The configuration of a statistical desire, and the structuring of a world totalized by a libidinal economy of total gamification, is affirmed by a digital exodus that has already taken place in our physical world and daily life. We have already escaped our world; we have already entered into "a better version" buried deep within it, a version in which reality itself becomes more bearable because everything is filtered through the form of the game: education, work, sex, relationships, career, politics, war and death itself. So, to paraphrase Bataille, today's libidinal economy is the affirmation of play even in death.

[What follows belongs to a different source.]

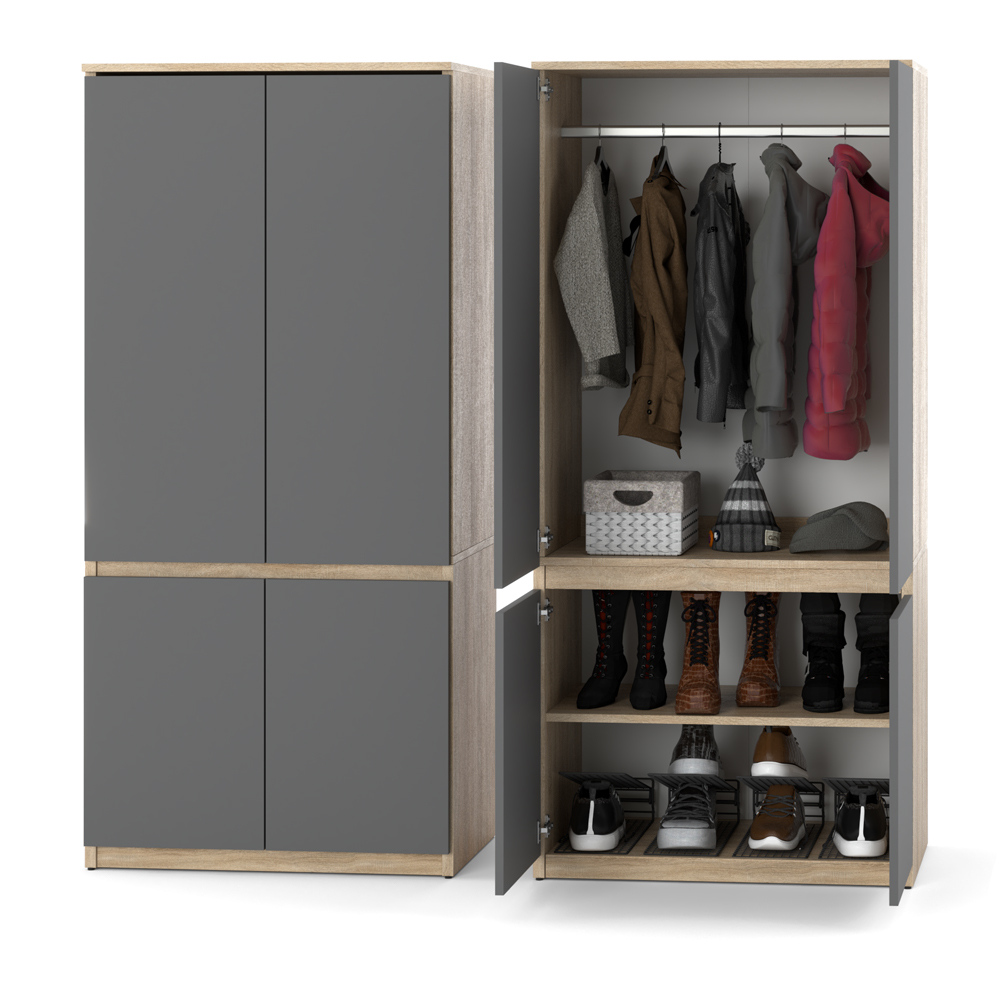 Szafa Hugo na bialym tle z korpusem w kolorze szary mat i frontami w kolorze dab wotan

In a time when "progress" moves in this way, what can we do? Today, the theory of explosive and infernal desire as a potentially emancipatory force has flattened the possibilities for thinking alternative models and revealed its limits, above all because it is linked to forms that are less organized and strategic and more often tied to short-term satisfaction — often dopaminergic, passive, or performative — while at other times appearing as a genuine but naive and optimistic form that ultimately proves ineffective.

Perhaps we need to think through the mind and tools of computational subjectivity. We need to organize our lives and actions through a critical, anticipatory realism. This is what I call "Total Retrograde Prometheia" in the book: what if we were to redirect the statistical, anticipatory, predictive and computational dimensions of our subjectivity — in other words, that Promethean component more often mobilized for capitalist reproduction — in order to disrupt and gradually transform different levels of society through an agenda grounded in ethics, dignity, equality and freedom? Perhaps nothing would come of it, because we are, as humans, doomed to fail due to our excesses and selfishness. And yet, we are also doomed, as humans, to continue trying: our desire is always under tension, oriented toward the production of a better future condition, through anticipation.

Faced with this, our computational subjectivity can be a selfish, self-defensive, conservative and excessive mode of life in a collapsing world; but it can also become a new form of political subjectivation. This latter possibility will be the focus of my next research.